The drowned old town was under the sea off the shale banks. Sometimes Willa saw the upward arms of old pieces of rock and stone if the tide was right. She liked looking for them, this history, because she felt a kindred spirit with the ruins drowning more and more, year on year.

Phillip.

She said the name less and less now to protect herself, though she dreamed of him every single night. Of them, together, making love in the moonlight.

Where would he be? Enjoying a life at Elmsworth, she hoped. Tending to his land. Or in London still, cursing her probably and hoping to never see her again after all her lies.

She could not help it. She had protected him and if that was all she could do for him she would be forever thankful. But her life had stopped and the money she had brought with her was running low. Soon she would have to decide what to do and where to go.

That thought brought on terror because she just could not decide, and the effort of leaving and moving on was too much to handle.

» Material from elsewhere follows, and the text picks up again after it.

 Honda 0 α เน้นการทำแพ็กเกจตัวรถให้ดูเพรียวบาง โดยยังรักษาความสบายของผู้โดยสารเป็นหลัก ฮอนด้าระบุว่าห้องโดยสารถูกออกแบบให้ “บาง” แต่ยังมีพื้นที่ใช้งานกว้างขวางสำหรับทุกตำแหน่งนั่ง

When the housekeeper came with a light lunch at noon, Willa thanked the woman as she smiled.

‘You have been a wonderful help to me, Mrs Withers, and I hate to think what I might have done without you.’

Putting the plate of food on the small bedside table, Mrs Withers pulled a chair from the other side of the room and sat down.

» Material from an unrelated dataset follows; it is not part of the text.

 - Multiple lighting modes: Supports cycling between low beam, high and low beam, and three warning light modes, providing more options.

She had never done this before; usually she came in quickly and left just as quickly, a woman with all the chores of a busy inn sitting on her shoulders. So Willa was surprised by her tarrying.

‘Might I talk with you for a moment, Mrs St Claire, woman to woman like? A moment just between ourselves?’ She waited until Willa nodded before going on. ‘Is your husband an abusive man? Is it him you are running from, my dear?’

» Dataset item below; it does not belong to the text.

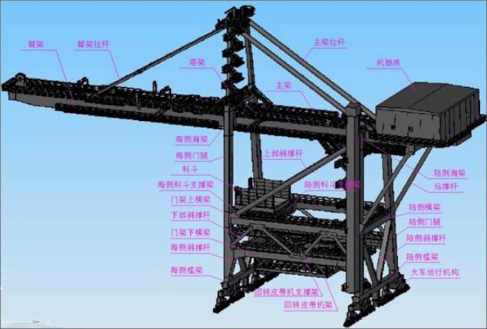 1、組成:岸橋、場橋、軌道行車、裝船機、螺旋卸載機、斗輪機、門座式起重機、臺架吊、浮吊、固定吊、皮帶運輸機等;

‘My husband died over two years ago, Mrs Withers. I am a widow.’ This seemed to take the wind from the housekeeper’s sails and she sat back, her teeth worrying her top lip in the motion of someone most nonplussed.

‘Then perhaps a lover, my dear, for I think this sickness you have is almost certainly coming from the effects of early pregnancy.’

The world caved in around Willa and she could barely breathe, but Mrs Withers carried on. ‘There is no shame in a love affair to my thinking, and any child is a gift, but your family might be worrying for you…’

‘I have no family.’

A small smile creased the woman’s lips. ‘Well, maybe that’s about to change, my dear, because you will have one in about seven months, I would say.’

‘But I am barren. I have always known that I am.’

‘Who told you that? A man, I would bet, and one that was probably infertile himself. It’s how the world works. Men protect men and women protect women.’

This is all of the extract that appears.